Given data
:::::

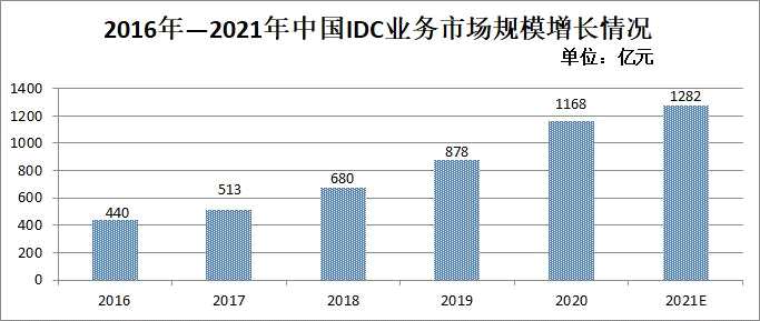 受新基建、網(wǎng)絡強國、數(shù)字經(jīng)濟等國家政策影響以及新一代信息技術發(fā)展的驅(qū)動,我國互聯(lián)網(wǎng)數(shù)據(jù)中心(IDC)業(yè)務市場規(guī)模保持高速增長。據(jù)信通院數(shù)據(jù)顯示,2016年,我國IDC業(yè)務市場規(guī)模為440億元,到2020年我國IDC業(yè)務市場規(guī)模達到1168億元,五年復合增長率約33.09%。機構預測未來仍將保持快速增長,預計2021年IDC業(yè)務市場規(guī)??蛇_1282億元。據(jù)中國IDC此前發(fā)布的報告預計,2022年,中國IDC業(yè)務市場規(guī)模將超過3200.5億元,同比增長28.8%。
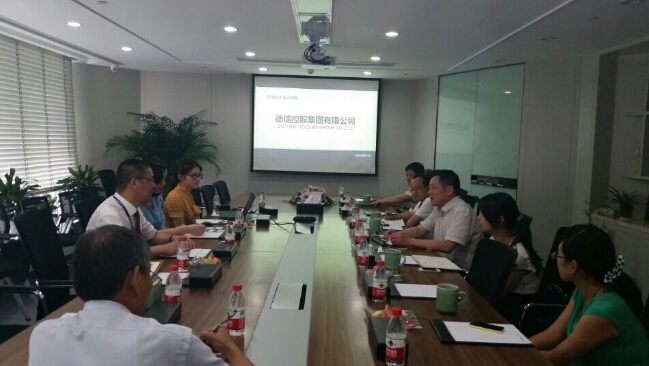 7月10日下午,中共湖州市委统战部副部长任玉林、湖州市工商业联合会副主席赵晖、湖州市总商会处长曹以跃、安吉商会执行会长张德宝等领导莅临德信集团。董事长胡一平热情接待了他们。
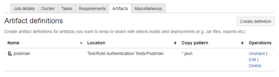 Bevor wir damit beginnen konnten, unsere Sammlung so einzurichten, dass sie nach der Bereitstellung unseres Dienstes ausgeführt werden konnte, mussten wir sicherstellen, dass unser Bereitstellungsplan Zugriff auf die Sammlung und die Umgebungen hatte, die wir verwenden wollten. Eine Möglichkeit, dies zu erreichen, besteht darin, die Sammlung und die Umgebungen in einem Quellcodeverwaltungssystem zu speichern. Wenn Sie dies tun, erstellen Sie zu Beginn der Bereitstellung eine Aufgabe, um die Sammlung und die Umgebungen aus dem Remote-Repository abzurufen. In unserem Fall haben wir beschlossen, die Dinge einfach zu halten und unsere Sammlungen zusammen mit dem Code zu speichern, mit dem unsere Sammlungstests interagieren. Dies bedeutete, dass wir bereits im Buildplan, dem unser Bereitstellungsplan vorausging, Zugriff auf unsere Sammlungstests hatten.
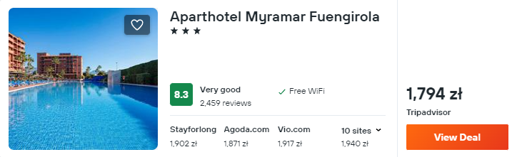 Za pakiet lotów oraz noclegów w aparthotelu zapłacisz 1231 PLN za osobę, pod warunkiem że będziesz podróżować w parze i zatrzymacie się w tym samym pokoju.

:::::

Your objective
Nothing but the pictures is to be left out; the rest of the listing should be copied exactly.

Written reply
 受新基建、網(wǎng)絡強國、數(shù)字經(jīng)濟等國家政策影響以及新一代信息技術發(fā)展的驅(qū)動,我國互聯(lián)網(wǎng)數(shù)據(jù)中心(IDC)業(yè)務市場規(guī)模保持高速增長。據(jù)信通院數(shù)據(jù)顯示,2016年,我國IDC業(yè)務市場規(guī)模為440億元,到2020年我國IDC業(yè)務市場規(guī)模達到1168億元,五年復合增長率約33.09%。機構預測未來仍將保持快速增長,預計2021年IDC業(yè)務市場規(guī)??蛇_1282億元。據(jù)中國IDC此前發(fā)布的報告預計,2022年,中國IDC業(yè)務市場規(guī)模將超過3200.5億元,同比增長28.8%。
 7月10日下午,中共湖州市委统战部副部长任玉林、湖州市工商业联合会副主席赵晖、湖州市总商会处长曹以跃、安吉商会执行会长张德宝等领导莅临德信集团。董事长胡一平热情接待了他们。
 Bevor wir damit beginnen konnten, unsere Sammlung so einzurichten, dass sie nach der Bereitstellung unseres Dienstes ausgeführt werden konnte, mussten wir sicherstellen, dass unser Bereitstellungsplan Zugriff auf die Sammlung und die Umgebungen hatte, die wir verwenden wollten. Eine Möglichkeit, dies zu erreichen, besteht darin, die Sammlung und die Umgebungen in einem Quellcodeverwaltungssystem zu speichern. Wenn Sie dies tun, erstellen Sie zu Beginn der Bereitstellung eine Aufgabe, um die Sammlung und die Umgebungen aus dem Remote-Repository abzurufen. In unserem Fall haben wir beschlossen, die Dinge einfach zu halten und unsere Sammlungen zusammen mit dem Code zu speichern, mit dem unsere Sammlungstests interagieren. Dies bedeutete, dass wir bereits im Buildplan, dem unser Bereitstellungsplan vorausging, Zugriff auf unsere Sammlungstests hatten.
 Za pakiet lotów oraz noclegów w aparthotelu zapłacisz 1231 PLN za osobę, pod warunkiem że będziesz podróżować w parze i zatrzymacie się w tym samym pokoju.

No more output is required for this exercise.